During the 1830’s, when Portuguese influence was at its lowest ebb on the Zambezi, Swazi, Shangana and Ndebele incursions across the Limpopo from the south smashed the Changamire Kingdom, and, reaching as far north as the middle and lower reaches of the Zambezi, reduced the local populations to terror and threatened the very basis of Portuguese existence in the area. Increasing decadence and disintegration affected the remnant of the Mwanamutapa Kingdom between Zumbo and Tete until, by the 1850s, the Portuguese had largely abandoned their prasos and all pretence at control of the local African populations with whom they had had such long and historic relations. In the 1880s Portugal re-established political control of the central and lower Zambezi under the stimulus of political competition threatening from the British and Dutch in the South African Republics. In the 1890’s the area of the old Mwanamutapa Empire was parcelled out between the British and the Portuguese. The 1895 Rebellion put paid to the Matebele who had conquered the Changamire Kingdom; the so-called Barwe Rebellion of 1902 equally put paid to the last remnants of the Mwanamutapa Empire. Chioko Dambamupute, whose people took an active part in that rebellion by the side of Makombe, king of the old Barwe Province, was the last titular Mwanamutapa.

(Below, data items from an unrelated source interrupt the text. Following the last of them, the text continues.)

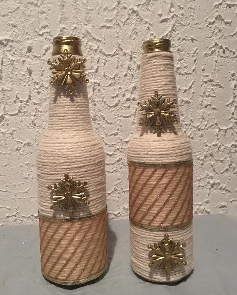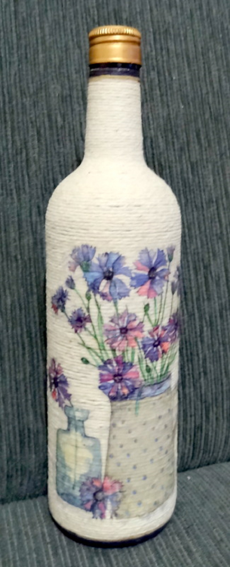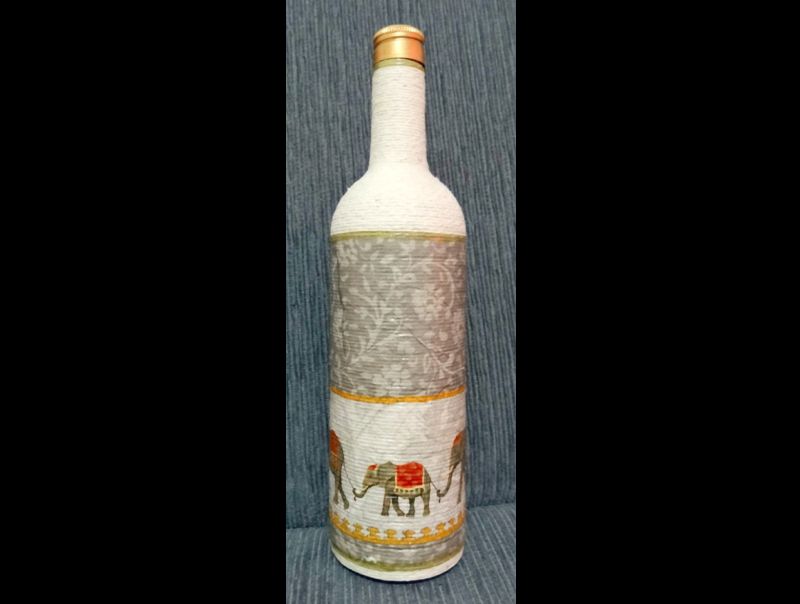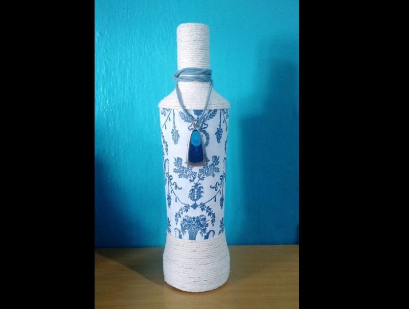 garrafa com barbante e decoupage
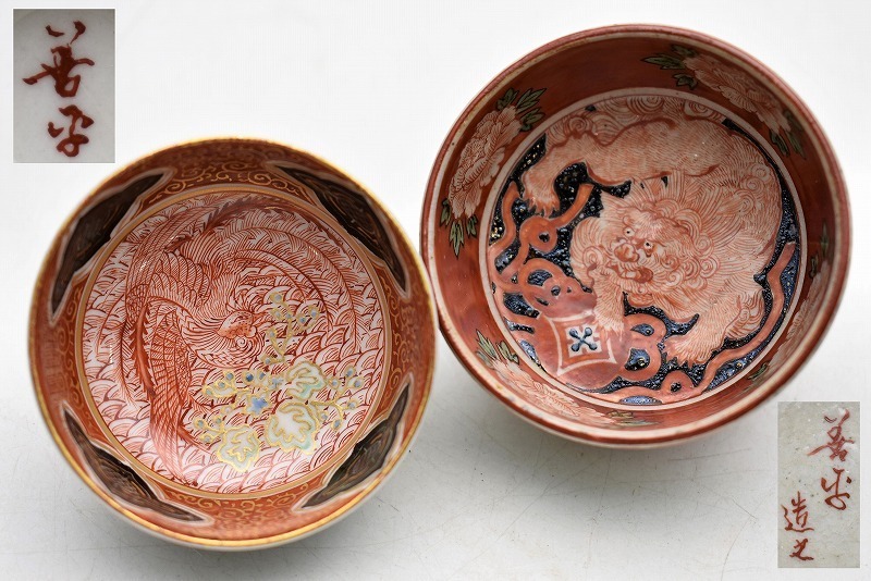 九谷焼・輪島塗 九谷焼買取 古道具・骨董・古美術 茶道具【石川県小松市】のお客様より◆九谷焼 武腰善平 赤絵細描画 獅子 鳳凰 酒器 酒盃 2客◆をお買取り。
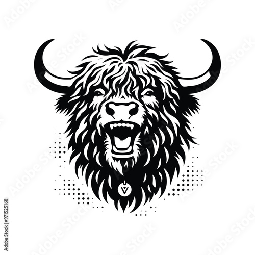 © Cici, Obraz premium Yak in bohemian black and white silhouette illustration
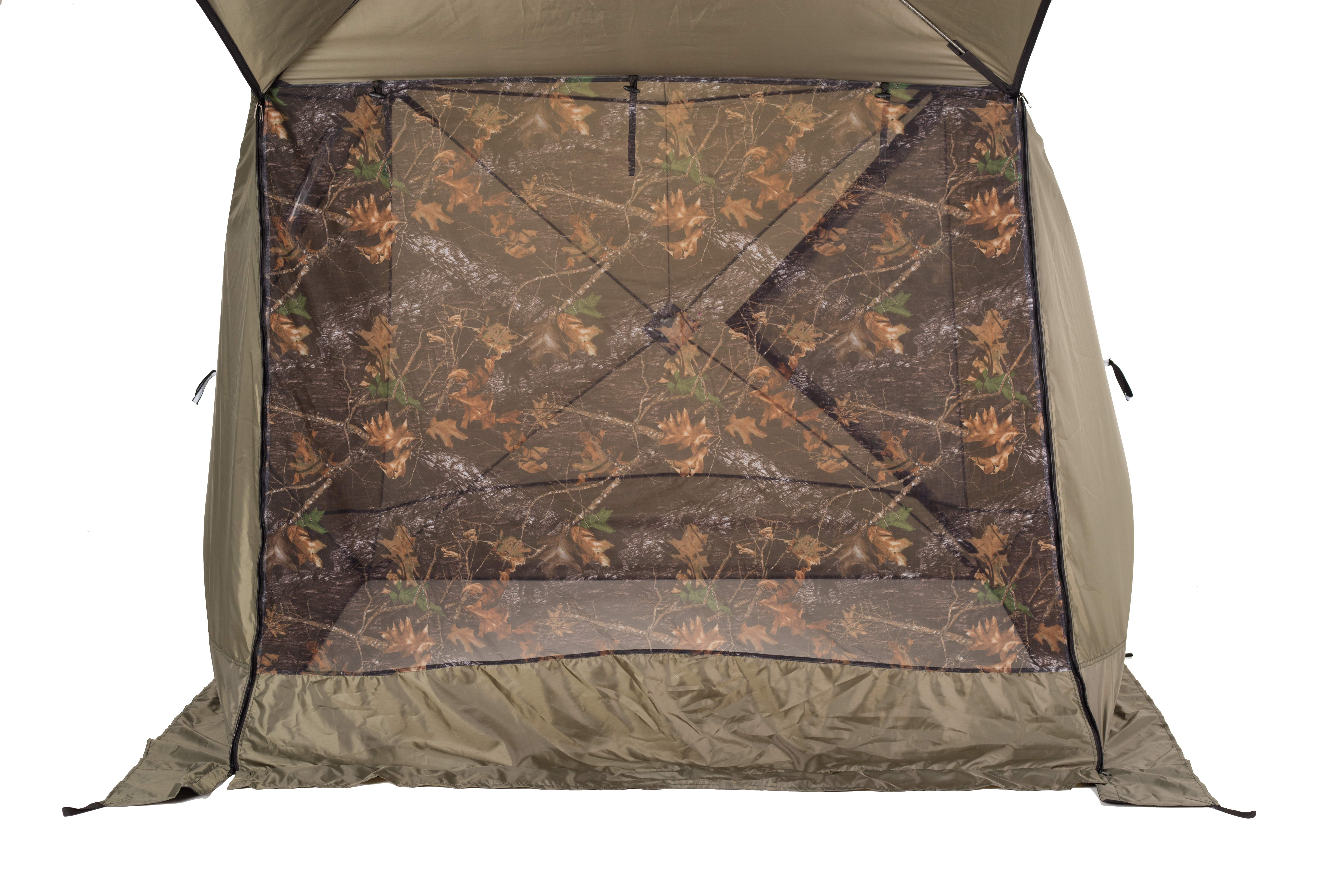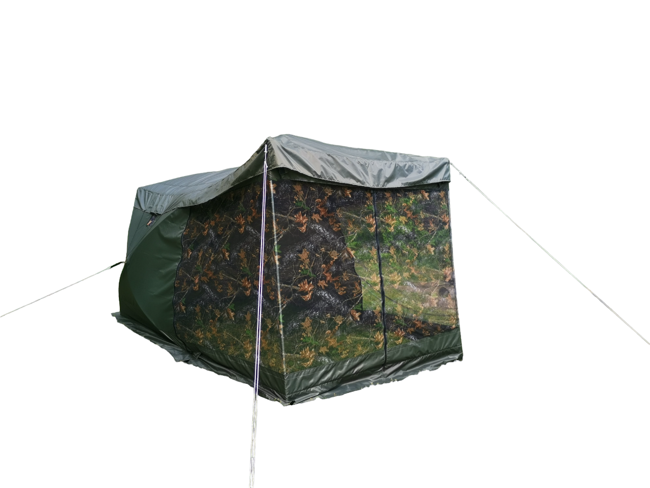 - За 30 секунд, путем открытия двух молний, одна сторона палатки поднимается и становится крышей. Палатка превращается в укрытие для летней рыбалки или просто шатром. Установив палатку на берегу водоема, Вы находитесь в укрытии и в то же время имеете открытый доступ к воде и абсолютно свободно работаете со снастями. В то же время вещи, прикормка, насадка, снасти - всё находится рядом в укрытии.
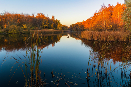 восход на лесном пруду
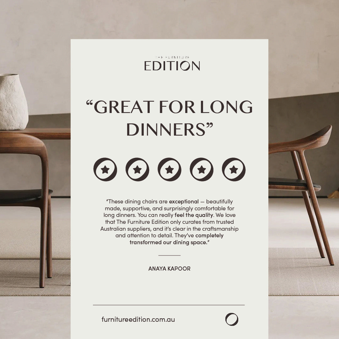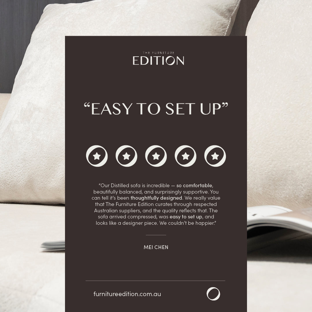 We set out to create a smarter, more sophisticated way to furnish. A curated edit of timeless designs, uncompromising quality, trusted Australian suppliers, and an experience that feels as refined as the pieces themselves.

Two main sources are available to the ethno-historian for the task of reconstructing the political and social history of the Mwanamutapa Empire and its component provinces. These are (a) the contemporary Portuguese documents to which allusion has been made in Part 1, and (b) the oral tradition preserved today by lineal descendents of the Bantu tribes of the Mwanamutapa Empire. Neither of these two classes of source-material is adequate in itself. The specific value of the Portuguese documents is that they are contemporary, furnish in many cases precise chronological foci, and preserve the details of names, personalities and historical incidents and developments, the memory of which has become either blurred or obliterated in the tradition of the Bantu tribes concerned during the passage of the centuries. The disadvantage of these documents is that they vary greatly in bulk and quality with respect to the coverage they afford on specific segments of the time span 1490 to 1902. They are often vitiated by Portuguese political and cultural bias, and in many cases reveal defective insight into the fundamental political structure of the Mwanamutapa Empire and the essential facts relevant thereto.

The value of oral tradition is that it furnishes us with intimate access to the authentic, Bantu-centred version of the history of the empire, and with some caution, since its bearers preserve no written documents relating to their history, their memory is fallible, and the version of past events they give is liable to be coloured by self-interest and reticence.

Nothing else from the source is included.